Assume that Redwood Research's work will actually turn out to be useful for aligning superintelligent AI. Language models are one of the results of the DL revolution, so their work couldn't have been done before that revolution. It seems that in a counterfactual world where the DL revolution happened later and the DL era was compressed into a shorter timespan, our chances of alignment would be worse since that world's equivalent of Redwood Research would have less time to do their research.
3) As a similar consideration, language models are already "deceptive" in a sense - asked something that it has no clue about, InstructGPT will happily come up with confident-sounding nonsense. When I linked people to some of that nonsense, multiple people pointed out that InstructGPT's answers sound like the kind of a student who's taking an exam and is asked to write an essay about a topic they know nothing about, but tries to fake it anyway (that is, trying to deceive the examiner).
Thus, even if you are doing pure capabilities research and just want your AI system to deliver people accurate answers, it is already the case that you can see a system like InstructGPT "trying to deceive" people. If you are building a question-answering system, you want to build one that people can trust to give accurate answers rather than impressive-sounding bullshit, so you have the incentive to work on identifying and stopping such "deceptive" computations as a capabilities researcher already.
So it has already happened that
It's not that I'd put a particularly high probability on InstructGPT by itself leading to any important insights about either deception in particular or alignment in general. InstructGPT is just an instance of something that seems likely to help us understand deception a little bit better. And given that, it seems reasonable to expect that further capabilities development will also give us small insights to various alignment-related questions, and maybe all those small insights will combine to give us the answers we need.

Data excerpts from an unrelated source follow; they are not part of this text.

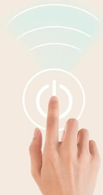
Image: Three light color modes for the LED mirror: Warm, Natural, and Cold Light with brightness adjustment.

Long press the switch to adjust different brightness modes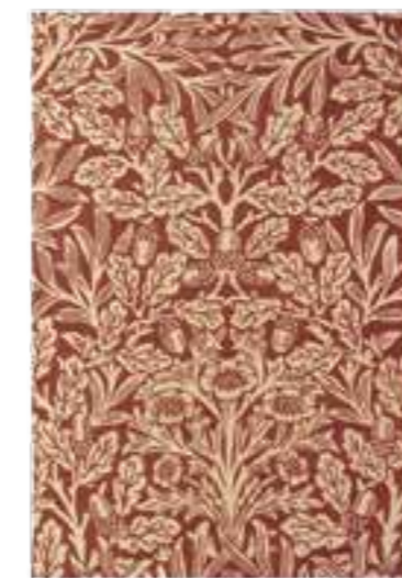
Oak 27900 Crimson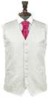
Ivory Dash Patterned with Fuchsia Ruche

4) Still on the topic of deception, there are arguments suggesting that something like GPT will always be "deceptive" for Goodhart's Law and Siren World reasons. We can only reward an AI system for producing answers that look good to us, but this incentivizes the system to produce answers that look increasingly good to us, rather than answers that are actually correct. "Looking good" and "being correct" correlate with each other to some extent, but will eventually be pushed apart once there's enough optimization pressure on the "looking good" part.
As such, this seems like an unsolvable problem... but at the same time, if you ask me a question, I can have a desire to actually give a correct and useful answer to your question, rather than just giving you an answer that you find maximally compelling. More generally, humans can and often do have a genuine desire to help other humans (or even non-human animals) fulfill their preferences, rather than just having a desire to superficially fake cooperativeness.
I'm not sure how this desire works, but I don't think you could train GPT to have it. It looks like some sort of theory of mind is involved in how the goal is defined. If I want to help you fulfill your preferences, then I have a sense of what it would mean for your preferences to be fulfilled, and I can have a goal of optimizing for that (even while I am uncertain of what exactly your preferences are).
We don't currently seem to know how to do this kind of a theory of mind, but it can't be that much more complicated than other human-level capabilities are, since even many non-human animals seem to have some version of it. Still, I don't think we can yet implement that kind of a theory of mind in any AI system. So we have to wait for our capabilities to progress to the kind of a point where this kind of a capacity becomes possible, and then we can hopefully use that capabilities understanding to solve what looks like a crucial piece of alignment understanding.